Let me give a brief counter-example. Recently I read Andrew Carstairs-McCarthy’s The Origins of Complex Language (Oxford, 1999), which develops with great skill and tenacity an intricate argument requiring mastery of linguistic philosophy and linguistics as well as a good working knowledge of neuroscience and primatology. The author presents the specificity of human language as a consequence of the descent of the larynx, itself initiated not by the need to enunciate phonemes but as an anatomical consequence of erect posture. Our adoption of a form of language that features sentences possessing a truth value rather than simple noun phrases (NPs) is described as a consequence of the dual rhythm imposed on language by vowel-consonant articulation, which, in turn, results from the articulatory mode favored by our descended larynx. But even if the suggested correlation between the rhythms of phonetic and syntactic articulation is valid, it cannot explain the origin of language because it cannot explain the crucial correlation between the emergence of language and that of the human social order, inevitably established on a sacred foundation. It is sad to see so much intelligence expended in the service of the naïve and hackneyed antihumanist polemic with which the author concludes:
The idea that something so immense in its effects as human language could have its beginnings in physiological adjustments consequent on bipedalism strikes deeply at the assumptions that human uniqueness must be based on something rather grand and profound, such as access to unique kinds of knowledge and self-awareness. But, once we get used to the idea, I think we will come to realize that it is only our pride that is hurt. Certain historical accidents have indeed supplied us with a uniquely sophisticated mechanism for communication and for the mental representation of the world; but, apart from that, we are just one species among many. (231)
What does it really mean to describe humanity as “just one species among many”? If this is a critique of religious anthropology, the author should explain how our “uniquely sophisticated mechanism for communication” is related to religion. If not, he should tell us what would count as falsifying his description. We are treated to a moralizing sermon in guise of a dismissal of “our” moral prejudices, which are really those of the great unwashed, since the intelligentsia has been obsessed with chastising our “speciesist” pride throughout the postwar era.
This is a case where empirical research might have benefited from the framework supplied by this impatient old amateur. Ostensives are not “NPs,” but complete utterances in their own right. The passage from ostensive to declarative is not simply cognitive but ethical; it is the passage from interdicting the sacred object through the sign to formulating this interdiction explicitly in signs. In other words, what makes humans a different kind of species is not language but ethics, which language uniquely articulates. However well or poorly our own ethical value compares with that of other species, ours is the only species that assigns such values; it is this fact, rather than the values assigned, that is relevant to Carstairs-McCarthy’s inquiry.

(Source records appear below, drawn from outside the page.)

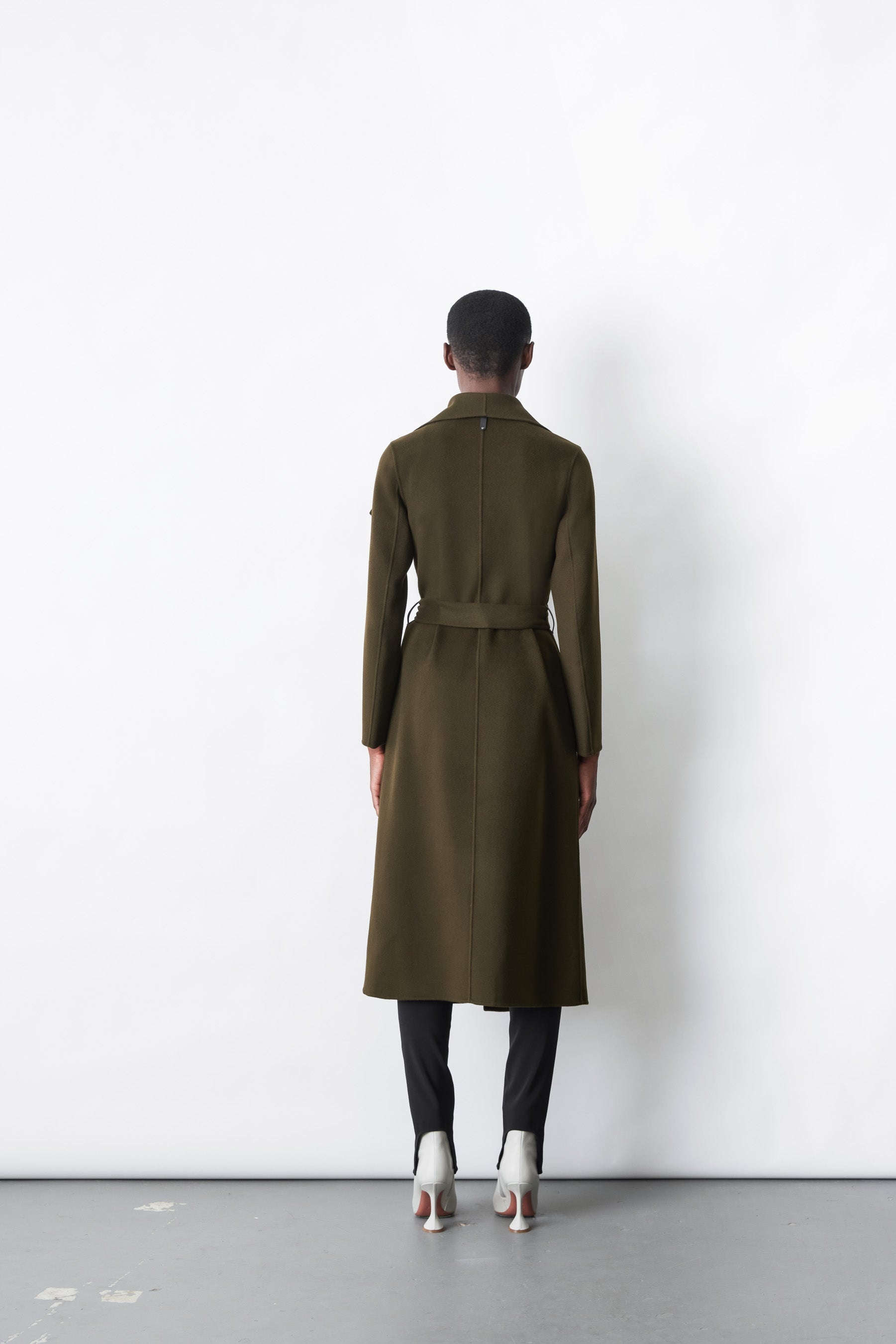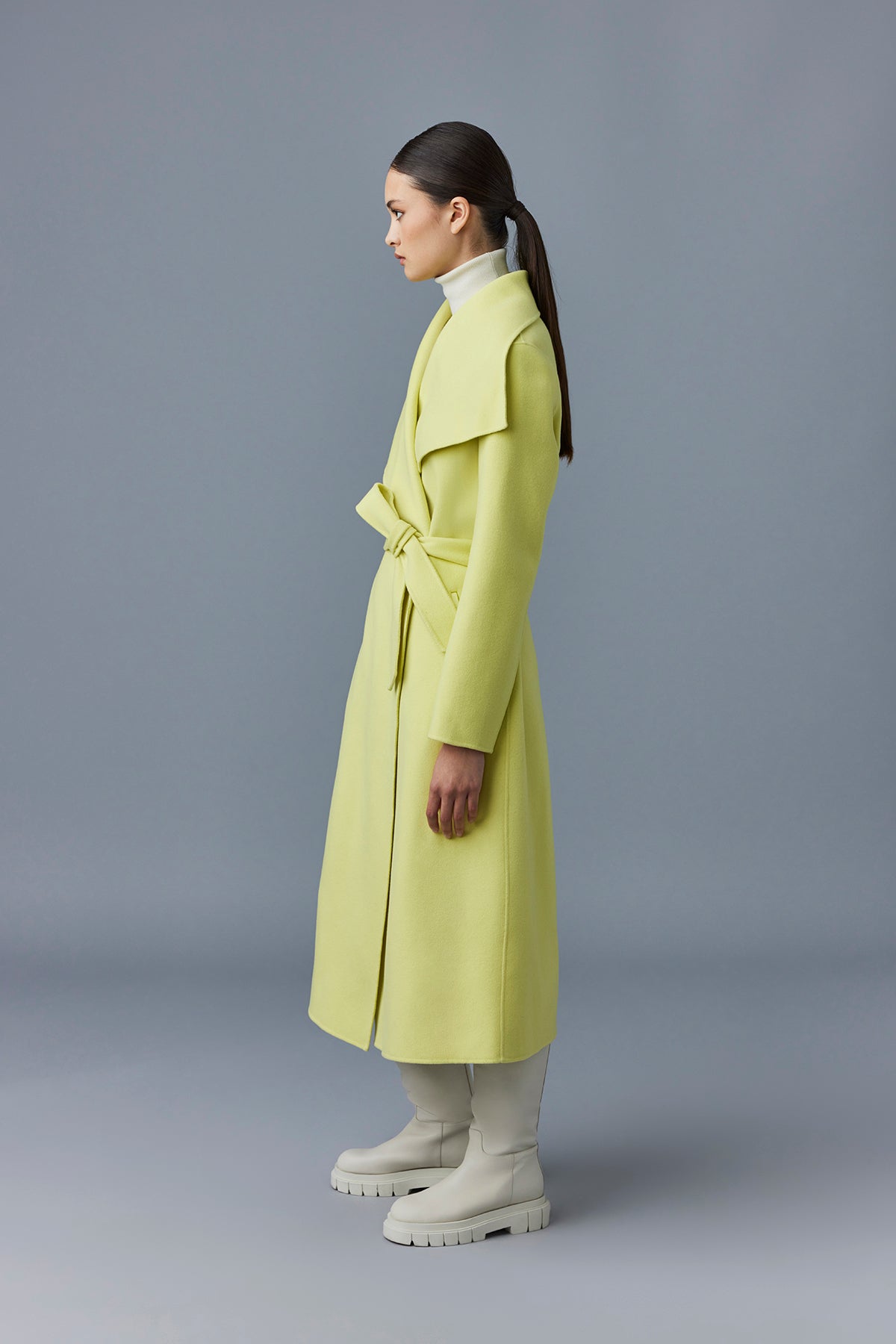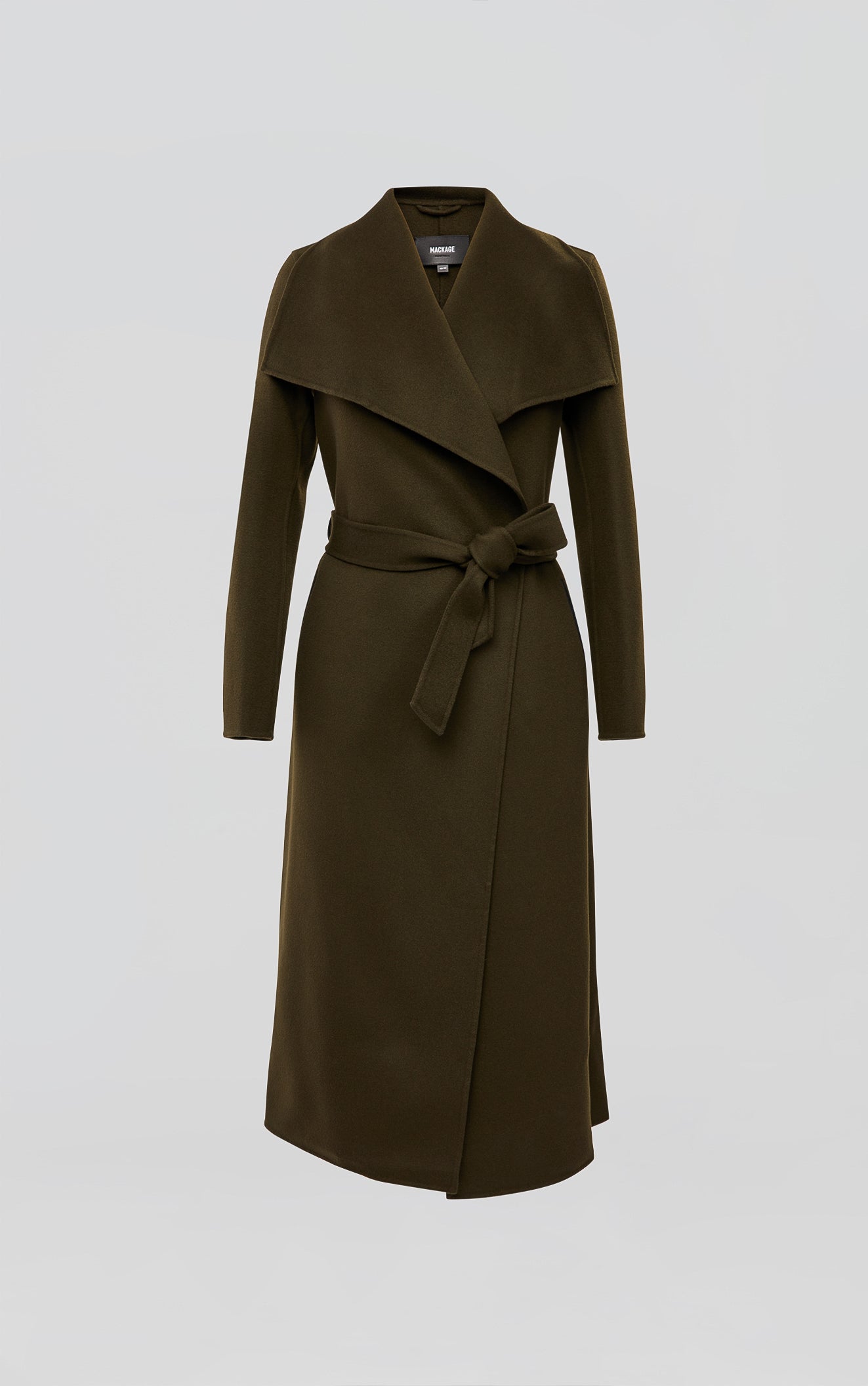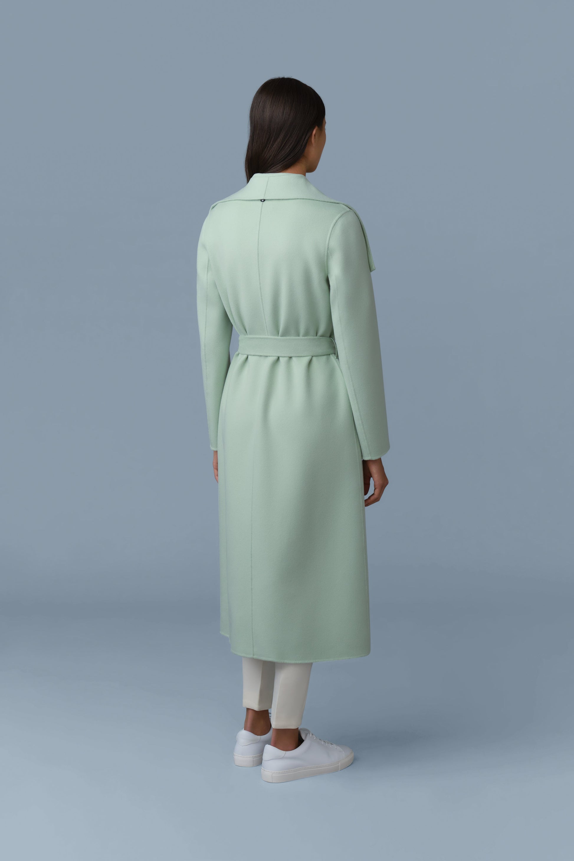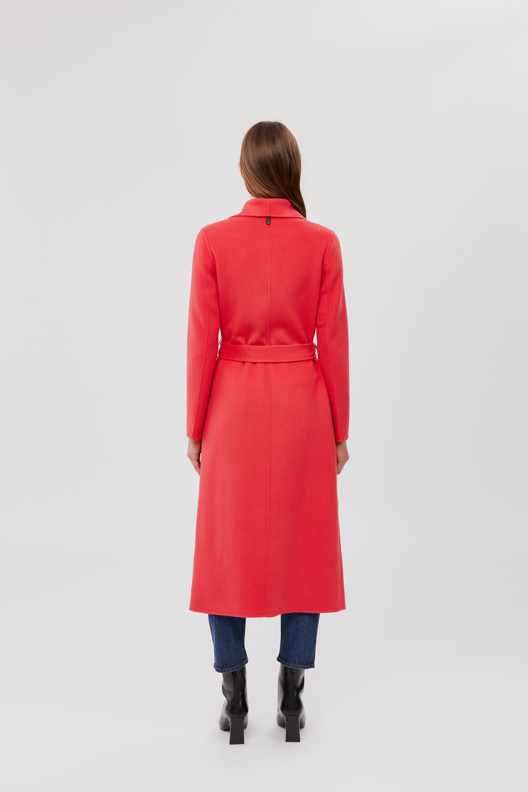 MAI-CN is a long wrap coat for women handmade from luxurious soft double-face wool. The fluid drape provides a relaxed-fit and unlined layer for maximum comfort in mild climates. The waterfall collar adds a sophisticated appeal while leather welting highlights the waist pockets and belt loops.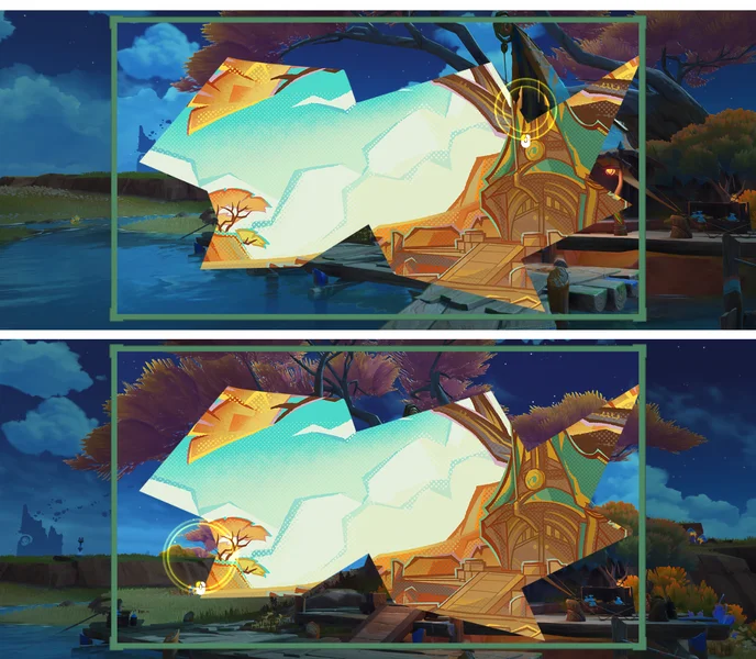 ● 在「胜景细览」玩法中,需要将风景画与眼前实景进行比对,寻找缺失的景物。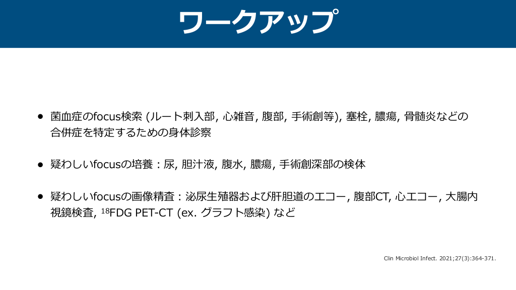 ワークアップ • 菌 症のfocus検索 (ルート刺 部, 合併症を特定するための 体診察 • 疑わしいfocusの培養:尿, 胆汁液, 腹 • 疑わしいfocusの画像精査:泌尿 殖器および肝胆道のエコー, 腹部CT, 視鏡検査, 18FDG PET-CT (ex. グラフト感染) など 雑 , 腹部, , 膿瘍, 術創等), 塞栓, 膿瘍, 髄炎などの 術創深部の検体 エコー, 腸内 大 骨 心 手 手 音 水 心 生 入 身 血 Clin Microbiol Infect. 2021;27(3):364-371. #23.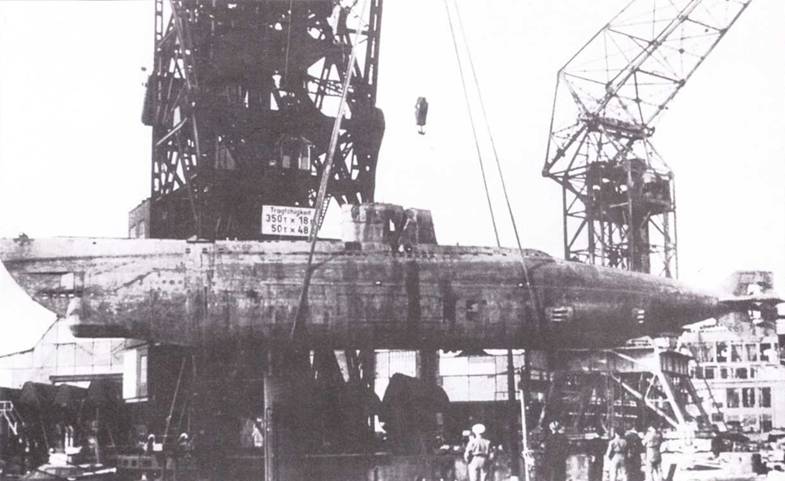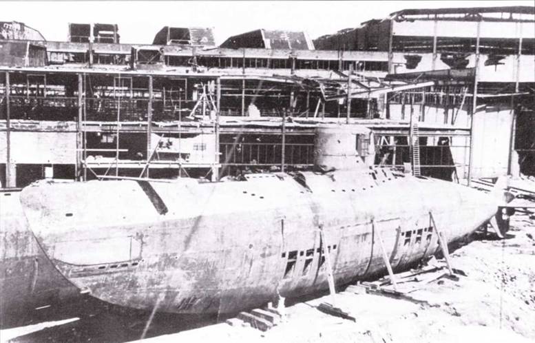 U 793 на «Говальд-Верке» в Киле. Она незначительно отличалась от U 792 числом шпигатов в средней чисти корпуса. Передний стабилизатор в развернутом положении сверху корпуса. Желтая опознавательная полоса на верхнем крае рубки ещё заметна.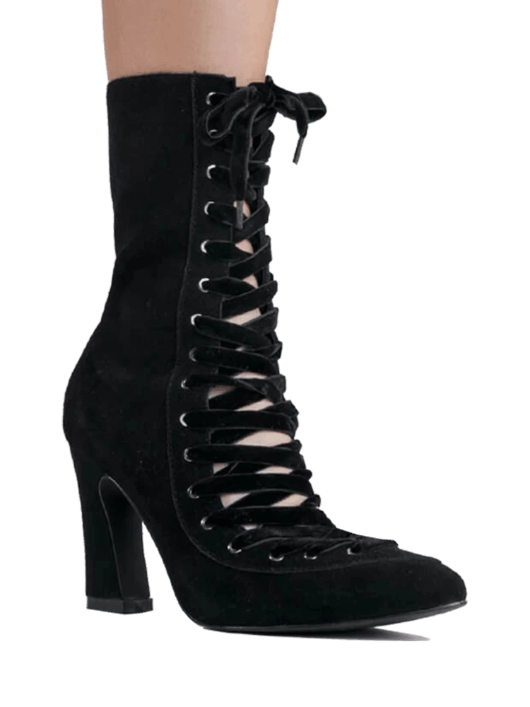 Hello, witches! Summon the spirits in these Victorian-inspired lace-up heels featuring a soft black suede upper, velvet laces, and silver flat grommets.
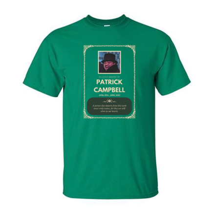 Alright, folks stop scrolling, because you’re about to witness fashion and philanthropy history. Up for auction is this truly sensational, lovingly commemorative, astonishingly green T-shirt dedicated to the legendary Patrick Campbell, known to the police as Patters.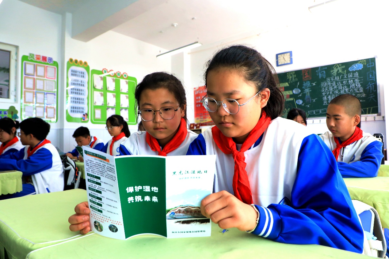 阿木爾中小學(xué)學(xué)生通過《黑龍江濕地日》宣傳冊,認(rèn)真學(xué)習(xí)濕地保護(hù)相關(guān)知識(王力 攝)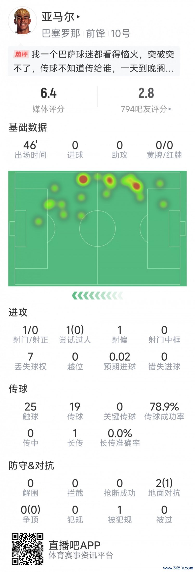 你的位置:欧冠决赛直播 > 西甲赛事 > 亚马尔半场数据:1次射门0射正,过东谈主、关节传球挂零,评分6.4分
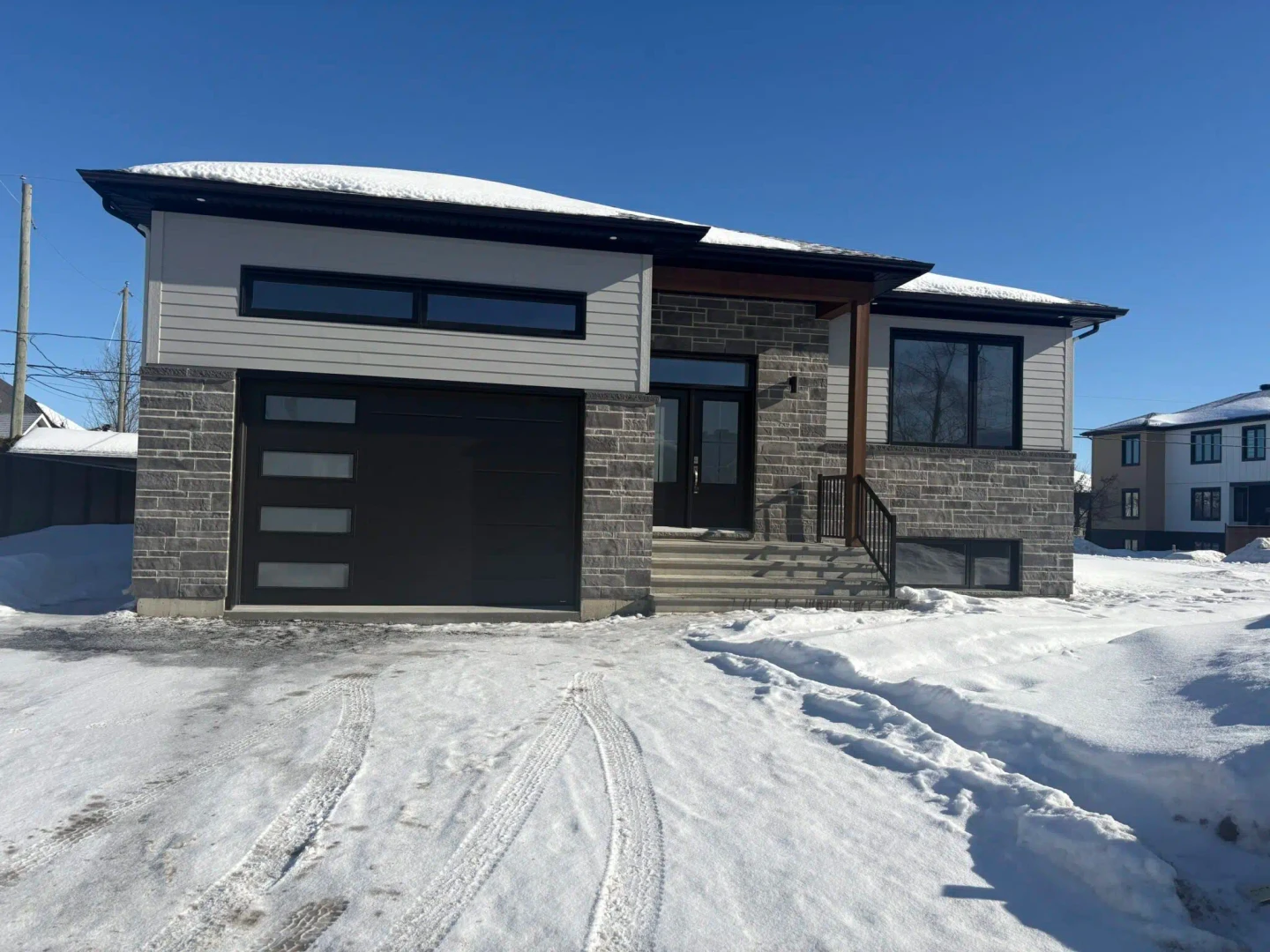This new single-family home with garage is located in Drummondville. It offers a modern living space with durable materials and functional layouts, including an integrated garage and optimized interior spaces.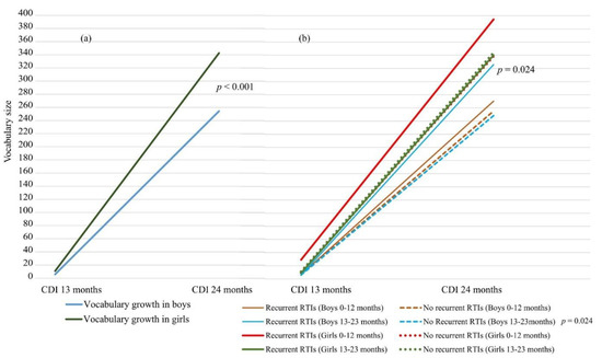 (a) Vocabulary growth in boys and girls between 13 and 24 months of age differed significantly (p < 0.001). (b) Mean vocabulary growth between 13 and 24 months of age in boys and girls with and without recurrent RTIs at 0–12 months of age and 13–23 months of age. CDI = MacArthur–Bates Communicative Development Inventory, RTI = respiratory tract infection. t-test for independent samples.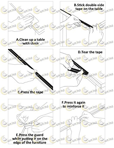 -. Feature : A.NO MORE WORRING the baby and enfant. Children have a strong curiosity and action, this product can help baby keep away from the sharp edges and corners, free to walk, run and play games at home without worried the pain and injury from hitting the furniture. / B.SAFE METERIAL AND BEAUTY. Made of safe PVC(polyvinyl chloride) material, Transparent and Beautiful, Reusable, Eco friendly and Safety for babies . Unlike the foam corner edge protector, it can not only protect the baby, but also keep the beauty of the furniture and our house. / C.EXTRA LONG AND SUITABLE FOR MANY FURNITURES. Being 6.6 ft length and Include a 16.5ft double-side tape, Suitable for a variety of furniture,such as table, refrigerator, wardrobe,desk,etc. / D.EASY INSTALLATION AND REMOVE. On the backside of the package, it has detailed and comprehensive instruction for everyone can be easy and simple to use. It can firmly stick to the furniture and easily removed without leaving a trade and damage furniture. / E.FLEXIBLE AND ODORLESS. Corner protect and Edge protect, Flexible and Odorless, think of everything to care your baby. Can be all-directional protect your baby as possible and like a kind protector.

Dear reader, if you’ve heard all this from me before, don’t be impatient: who knows how much longer I’ll be around? But if you find value in this kind of anthropological humanism, you owe it not to me but to yourself to defend it. Social science insists with quasi-religious fervor that language is either a simple extension of animal communication or an “instinct” analogous to those of animals. The idea of human uniqueness is dismissed as a contemporary equivalent of the belief that the sun revolves around the Earth. But denial cannot save us from the ethical question this uniqueness poses. The unique attributes of humanity are what make us dangerous to each other and, accessorily, to the other inhabitants of the planet. If we would protect the Other, we must first ensure that we are protected from Each Other; this Hobbesian need is what defines us as human in the first place.
I am betting that, however long people deny these truths, sooner or later, they will come to acknowledge and live with them, as the basis of what Kant called “perpetual peace.” I may not see that day, nor, no doubt, will you, dear reader; but you would do well to bestir yourself if you would like your children or your grandchildren to do so.